Goodman symposium discusses the future of accounting

With an increasing number of processes becoming automated in the accounting profession, the human experience is becoming more important than ever, says leading academics in the field.

The need for critical thinking and communication skills was a reoccurring topic of discussion Friday, Feb. 21 at the Future of Accounting Symposium hosted by the CPA Ontario Centre for Public Policy at Brock University’s Goodman School of Business.

Andrew Gaudes, Dean of the School, welcomed more than 100 accountants, academics and students by recalling discussions he’s had with fellow Deans of business schools from around the world.

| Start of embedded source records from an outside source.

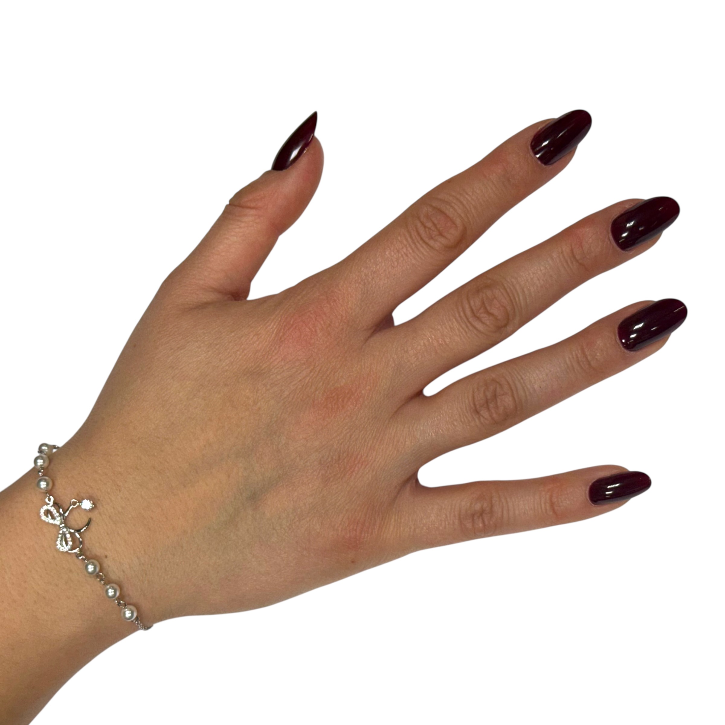 Bracciale da donna in argento 925 con fiocco centrale impreziosito da zirconi e perline. Lunghezza 16 cm +3 cm di allungo. Chiusura a moschettone regolabile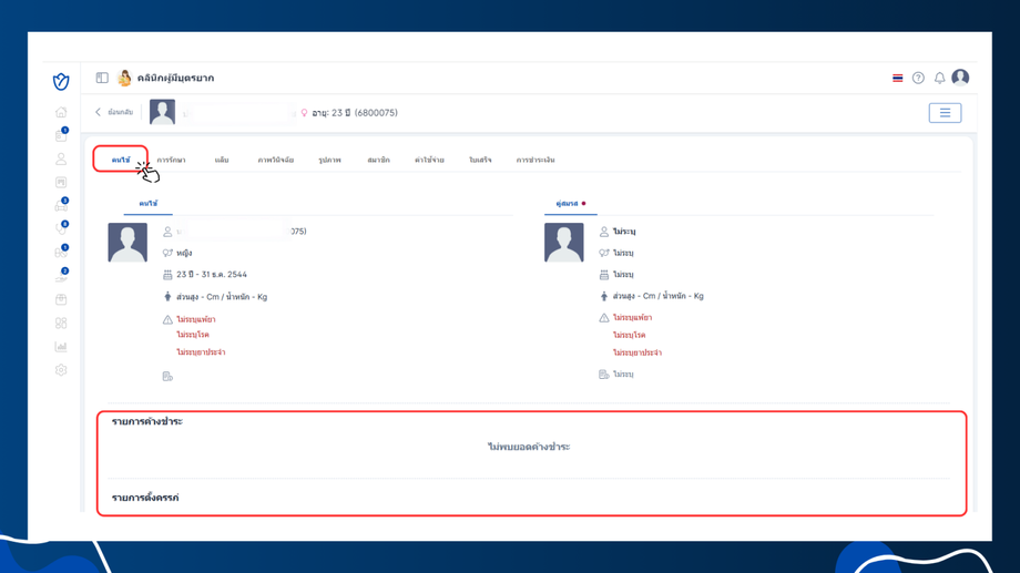 - แท็บคนไข้ : ข้อมูลส่วนตัว คู่สมรส หรือรายการค้างชำระ และ รายการตั้งครรภ์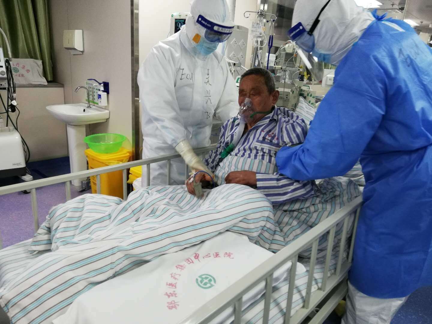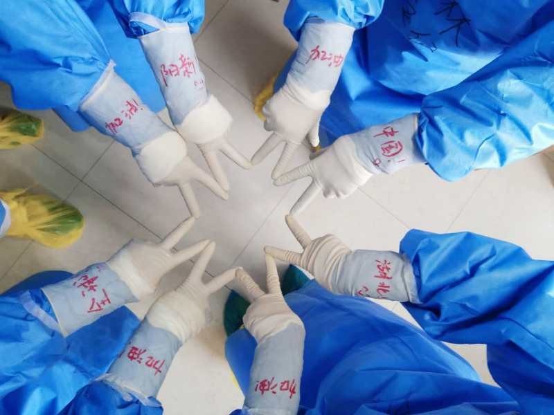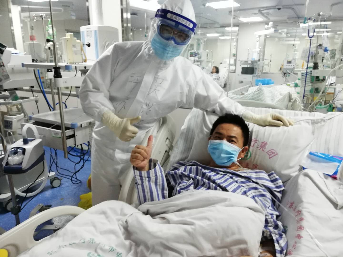犹记得15床,是位50岁大叔,也是当时监护室里最重的一位患者,脉养波动大,血压不稳,气管插管,机械通气...好在大叔意识还清楚一点,我一边无比耐心的语气安慰,一边口腔冲洗、翻身拍背、活动四肢、精确执行医嘱…经过两天的救治与护理后,CT示病灶已大部分吸收,得知此消息,大叔在白板写着“我痊愈了,可以出院了”,兴奋之情溢于言表。第二天,大叔已拔除气管插管,生命体生平稳,看到此景我倍感欣慰,竖起大拇指“一切都会好的,加油!”。身体虚弱的大叔双手合十“谢谢你们,江苏医疗队,我又有了活下去的决心”。听到这句话,再苦再累都是值得的。今天大叔已转入普通病房继续治疗,走之前还邀请我去他工作的地方——武当山去转一转呢。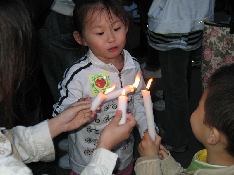 他们一起点燃烛光。为灾区同胞祈禱\!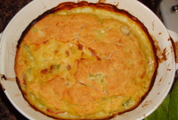 4. Pour sauce over veggies in the casserole dish and mix up a bit. For topping, mix biscuit mix, 1/2 cup milk, and egg replacer with a fork and spread over hot filling. Bake for 20-30 minutes, or until topping is golden and done.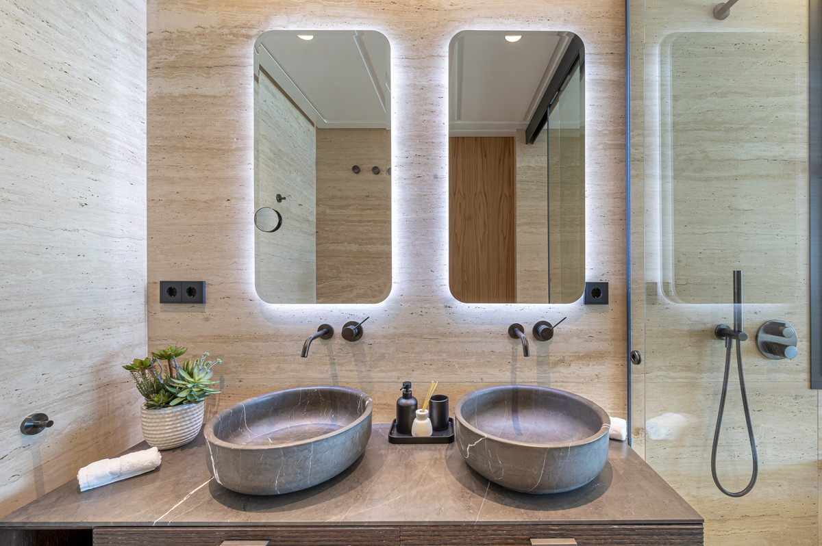 Spanning an impressive 104m² of interior space, the apartment features two generously proportioned bedrooms and two meticulously designed bathrooms. The fully fitted kitchen, equipped with high-end appliances, flows seamlessly into the open-plan dining and living areas, creating a perfect space for entertaining or relaxation. Premium finishes, including marble flooring, double glazing, and glass doors, enhance the sophisticated aesthetic, while the home automation system, central heating, and air conditioning ensure year-round comfort. Additional highlights include a utility room, storage room, and a private garage.

“Employers are looking for people who can engage and adapt quickly in fast-paced world,” he said. “It’s not about the technical skillset as much it is about the human experience. As educators, we’re looking to provide opportunities for students to develop critical thinking and emotional intelligence, while still addressing students’ educational interests, such as innovation, data analytics and sustainability.”

The symposium featured a mixture of presentations and panel discussions from practitioners and academics from across Canada. Topics ranged from analytics and social issues to innovative technology, such as artificial intelligence.

During a panel discussion about the future of accounting Goodman grad Mark Squire (BAcc ’05, MAcc ’07), Partner with Crawford, Smith and Swallow Inc., said automation benefits entry level accounting professionals because it eliminates the boring and menial tasks.

“Entry level positions are starting at a higher level than ever before,” he said. “As a co-op student, I did a lot of data-entry. Now, co-op students jump right into the exciting parts of analysis, interpretation and discussing results with clients.”

Goodman Professor Jennifer Li, Director of the CPA Ontario Centre for Public Policy and Innovation in Accounting and lead organizer for the event, said although automation and new technologies are scary for some, there is potential for accounting professionals to take on new roles in the industry.

“Artificial intelligence may improve assurance quality; however, there will be a need to ensure the technology is working properly and ethically,” she said. “We’re all confused about technology’s implications about the future of accounting. The symposium was one way to face the issue head on, get a bit uncomfortable and share ideas for how we can all move forward for the overall betterment of the industry.”